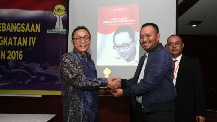 Ketua MPR, Zulkifli Hasan mendapat plakat usai bicara pada Diklatnas 'Pendidikan Nilai Nilai Kebangsaan Himpunan Pengusaha Muda Indonesia (HIPMI) Angkatan IV di Lemhanas, Jakarta (Senin, 10/11). Dalam kesempatan ini, Zulhas mengatakan bahwa tujuan demokrasi adalah kesejahteraan. Titik tekannya bukan hanya demokrasi sebagai prosedur politik, tapi sampai pada substansinya yaitu demokrasi ekonomi untuk kemakmuran bersama. MPR
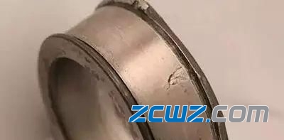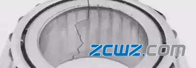 原因:1)冲击负荷过大;2)过盈过大;3)有较大剥离;4)摩擦裂纹;5)安装侧精度不良(拐角圆过大);6)使用不良(用铜锤,卡入大异物)。
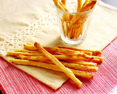 1の生地を薄く延ばして細切りにし、オーブンシートを敷いた天板に並べる。
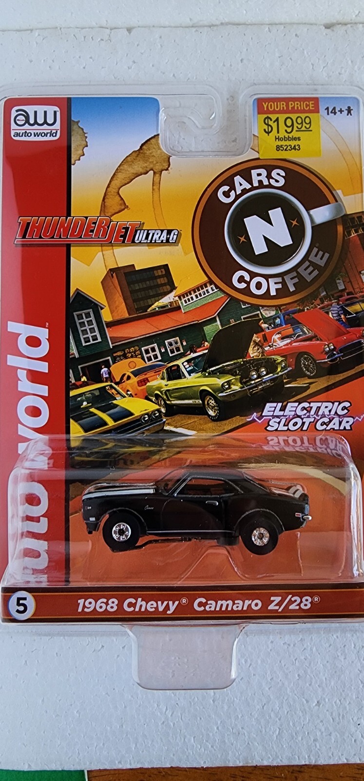 как выглядит Auto World Thunderjet Cars N Coffee 1968 Chevrolet Camaro Z28 Black HO Slot Car фото

TASK PROMPT: All that is wanted is the lines from the one holding "1の生地を薄く延ばして細切りにし、オーブンシートを敷いた天板に並べる。" through the end of the material, duplicated exactly, with no pictures.

SOLUTION FOR THIS PROBLEM:
 1の生地を薄く延ばして細切りにし、オーブンシートを敷いた天板に並べる。
 как выглядит Auto World Thunderjet Cars N Coffee 1968 Chevrolet Camaro Z28 Black HO Slot Car фото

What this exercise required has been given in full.